All four corners of Charles' LT1 sport QA1 shocks, with a pair of QA1 springs up front and a pair of BMR springs in the rear. BMR also provided a pair of lower control arms, subframe connectors, and a rear sway bar. A Spohn adjustable torque arm makes sure to plant the rear end, providing enough control to push Charles into the 1.48 60-foot range. Once on the big end of the track, Charles relies on a set of LS1 front brakes to bring everything to a stop, while a pair of stock rears balance everything out. "Whether it was the late nights at Speed Inc. or pulling out the transmission, in the dead of winter, on jack stands in my garage, I have never broke at the track (knock on wood). However, I did bust a 10-bolt on the street (racing)."

0911gmhtp_09_z 1996_pontiac_trans_am Dashboard 7/10

Inside, as well as out, Charles has focused on keeping the Trans Am in great shape, without adding silly extras. A set of LS1 taillights make the back end look a little more modern, while an LT1 WS6 hood give the front just enough attitude. The interior is almost as delivered from GM, with the addition of a Wolfe Racecraft six-point rollcage, which was painted white to match the exterior. The center A/C vents have been replaced with a triplet of gauges, including nitrous pressure, transmission temp, and fuel pressure. In race trim, Charles uses a pair of cloth Firebird seats and five-point harnesses to keep him safe, trading out the stock leather interior he uses while on the street.
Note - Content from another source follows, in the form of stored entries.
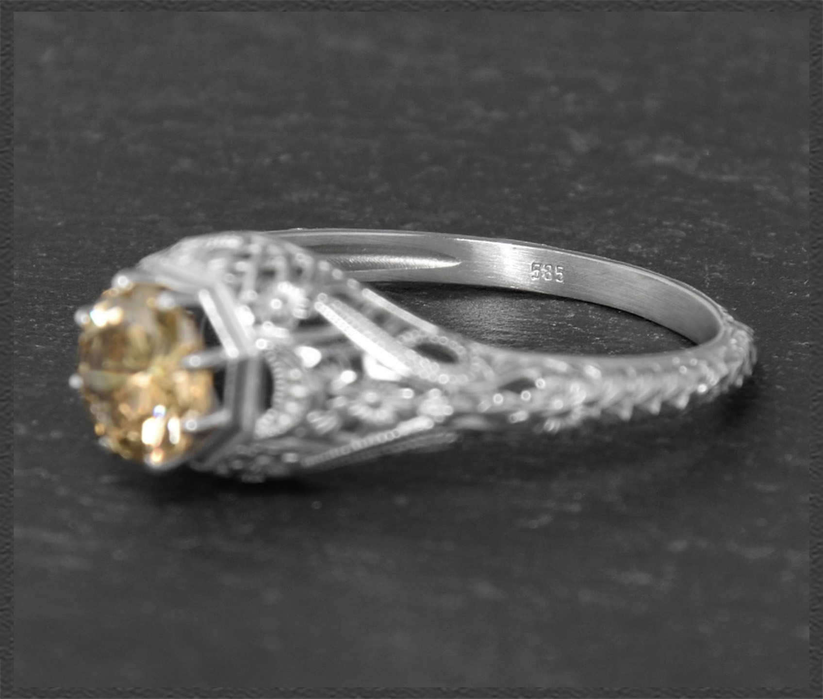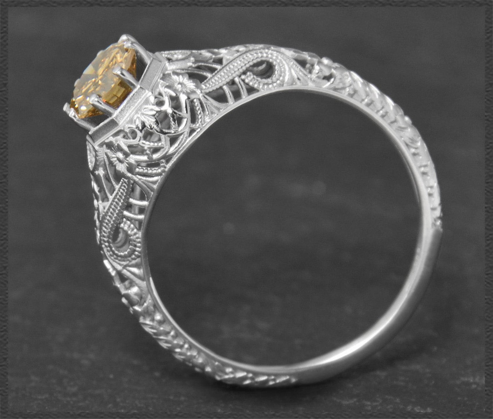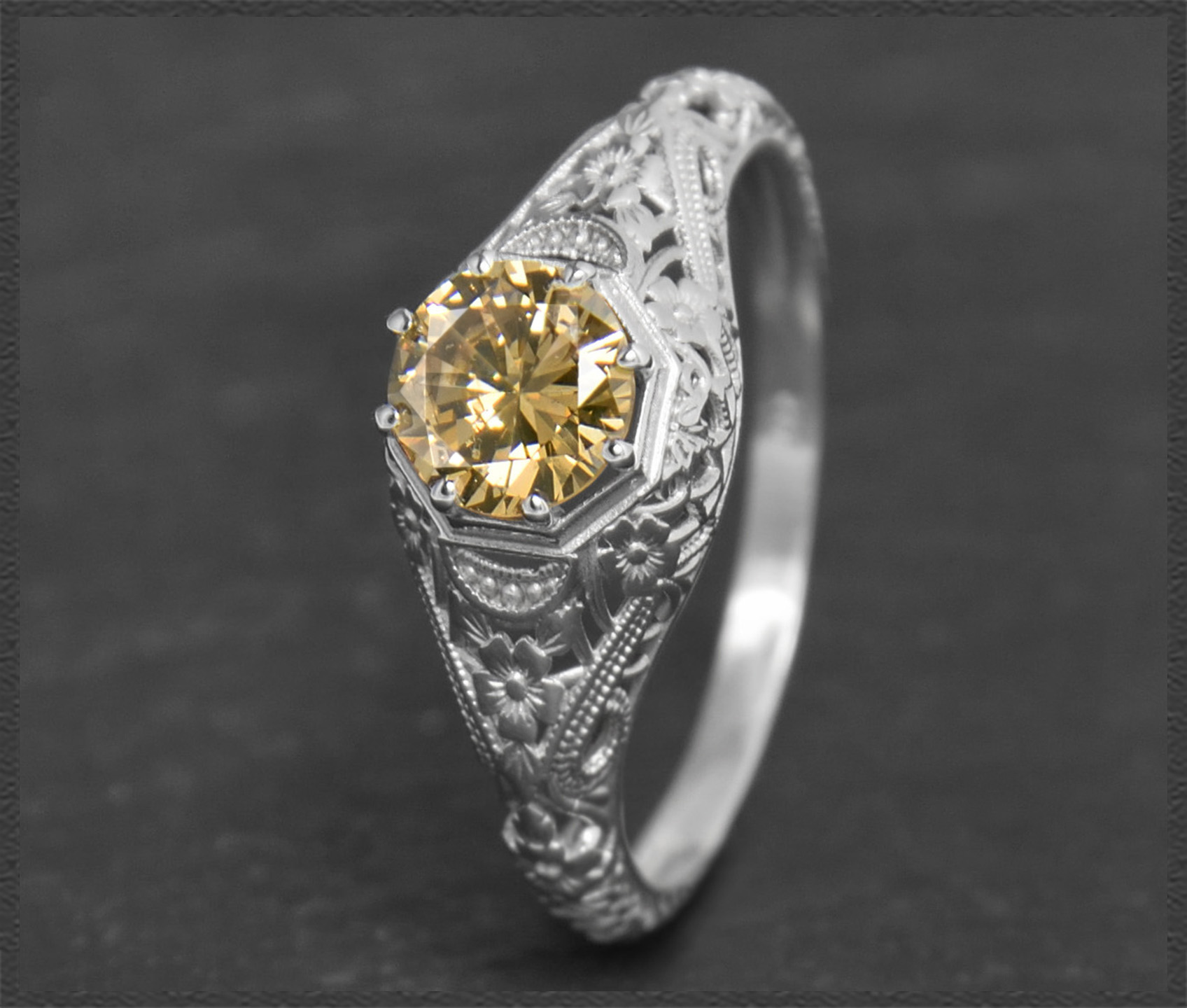 Eleganter 0,72ct Brillant Solitär Ring im Jugendstil Design, naturfarbener & unbehandelter cognac-champagner Diamant mit wunderschöner Brillanz.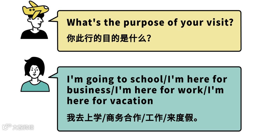 下了飞机之后,先过海关,海关官员们会随机提问,以下几个问题不一定都会碰上,但有备无患。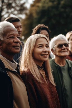 A diverse group of individuals stands in close formation, reflecting unity among various ages and ethnicities, creating a powerful sense of togetherness and inclusion.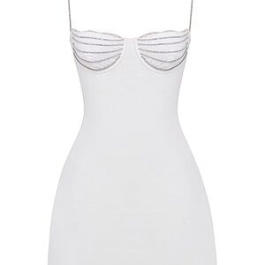 Our 'Grace' dress takes the classic mini dress to a new level of glam, traced with sparkling crystals through the delicate lace cups and along the slender shoulder straps. Cut from our luxurious plush stretch velvet in an ivory hue, 'Grace' is fitted with an internal bra to flatter the bust and fits slim through the body in a thigh skimming mini cut.
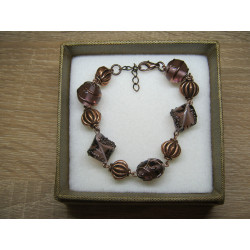 Originální náramek z vinutých skleněných perlí a komponentů z mědi.
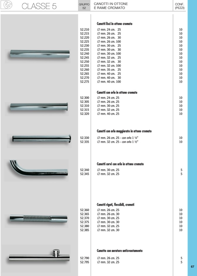 Canotti lisci in ottone cromato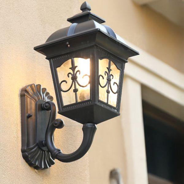 Victorian Style Outdoor Wall Light Fixture, Weather Resistant Porch Lantern with Ornate Scroll Arm - Black Up 110V-120V 16"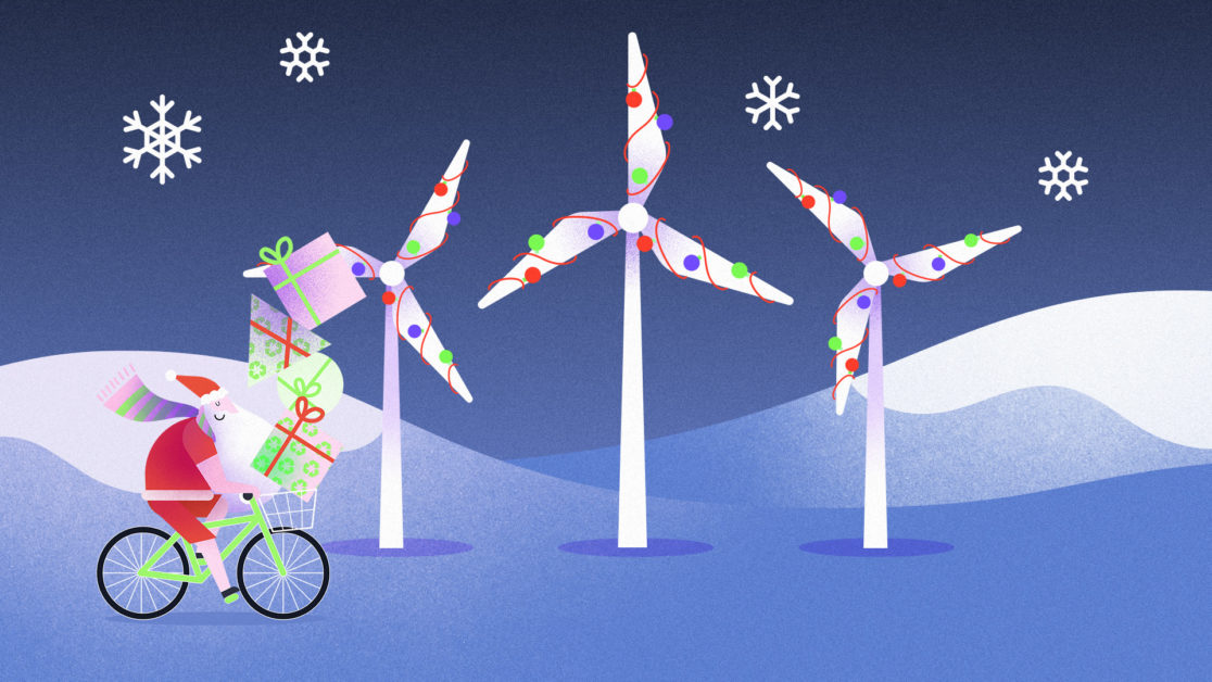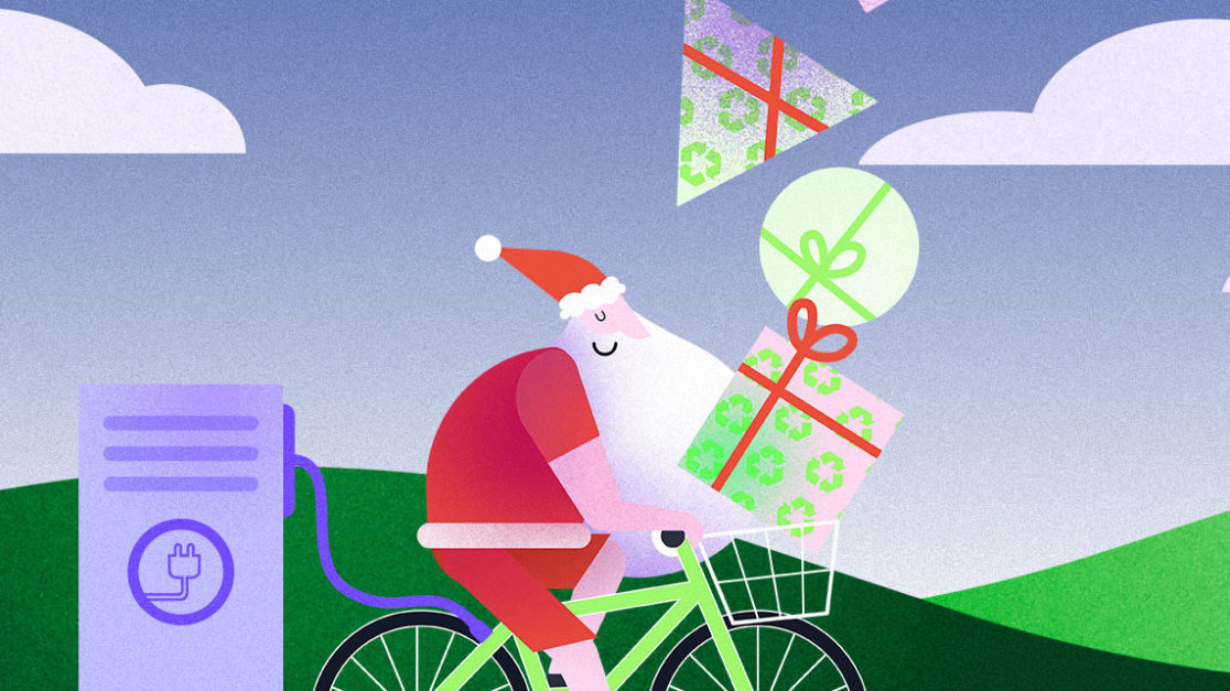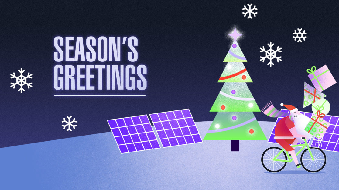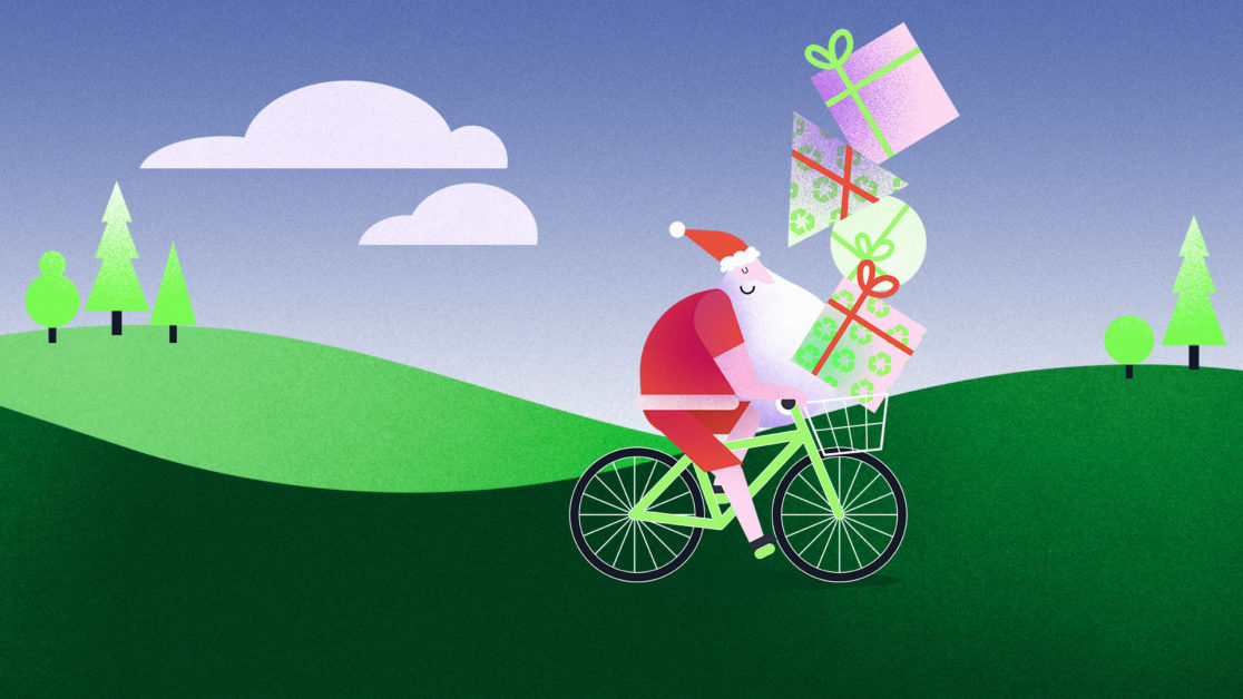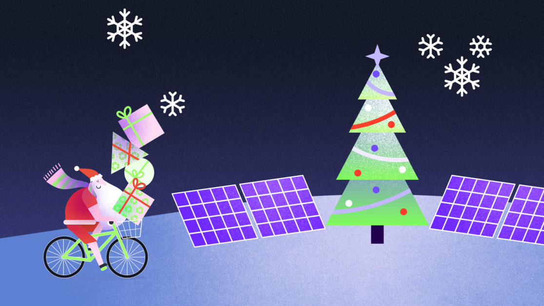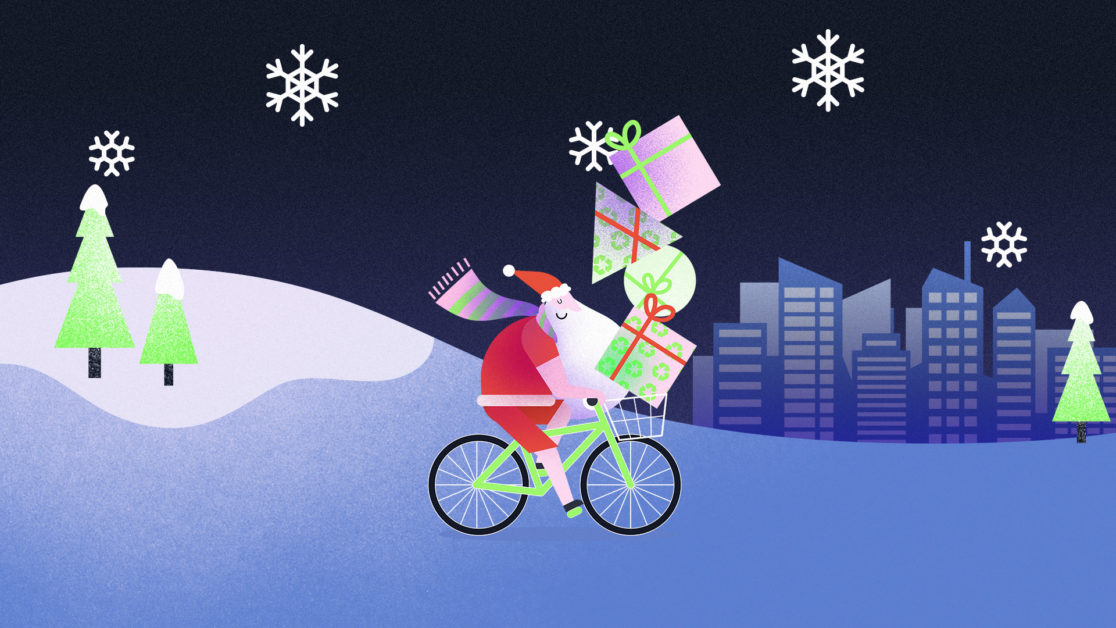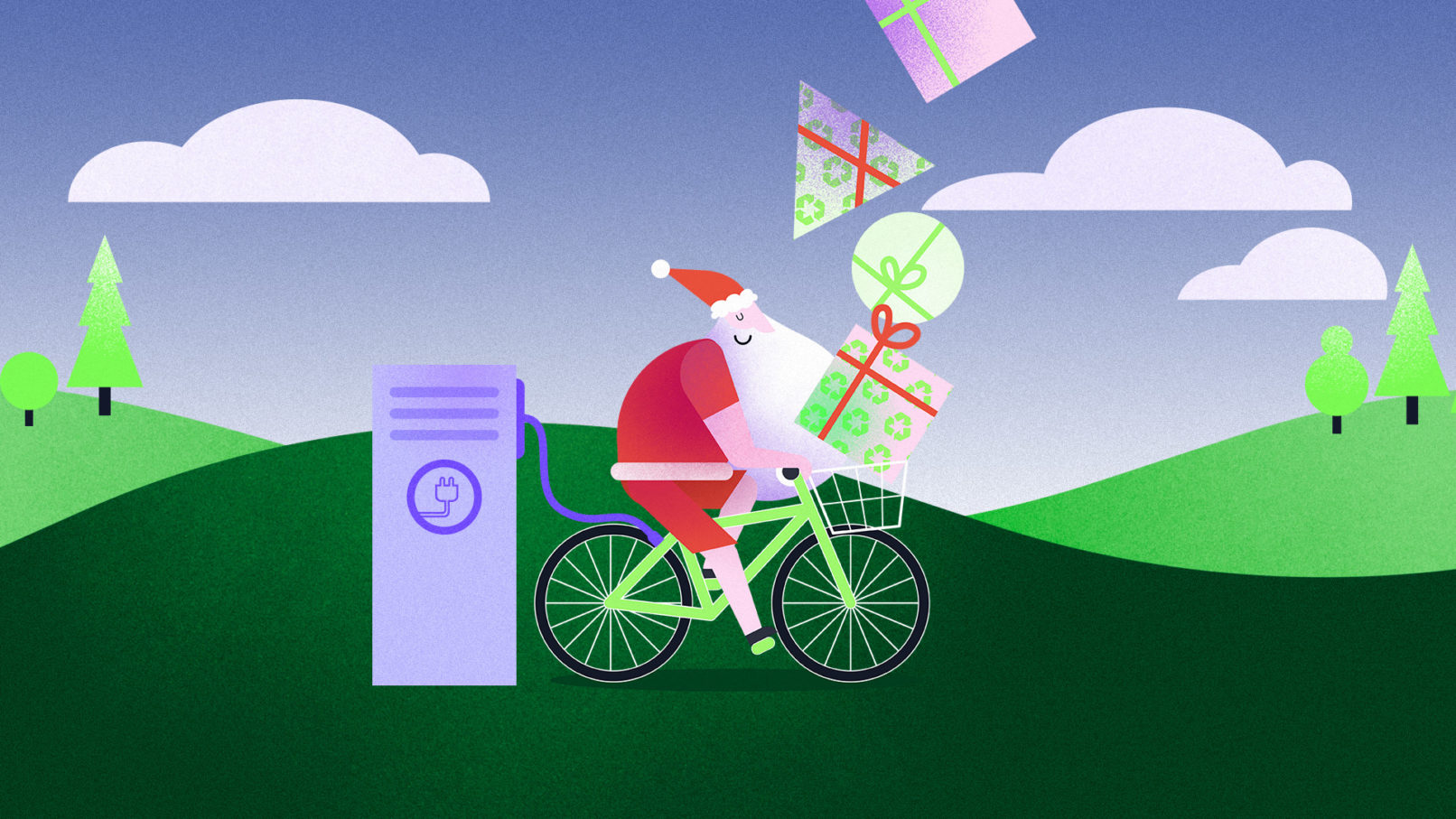 Styleframes and storyboard for Goodman for an e-card showing Santa on his magic electric bike through a variety of sustainable Christmas scenes – a fun, sustainable twist on traditional Christmas imagery.

As you can tell, Charles truly enjoys both driving and working on his beautiful Trans Am. "I've always wanted a TA. The first week I had the car I modded it. I added an exhaust, camshaft, throttle body, and whatever else I could find, until I met Larry Hamilton and there went my bank account! The car has been through many heads and cam combinations, from LT1 to LT4 and back to LT1." So, what's next for this race-winning Trans Am? Charles told us, "If this setup fails, I have some things in mind that would bring boost into my life." Knowing Charles and the crew at Speed Inc., we can rest assured that it will be another ultra-clean monster and, in truth, we kind of wish he would hurry up and do it already!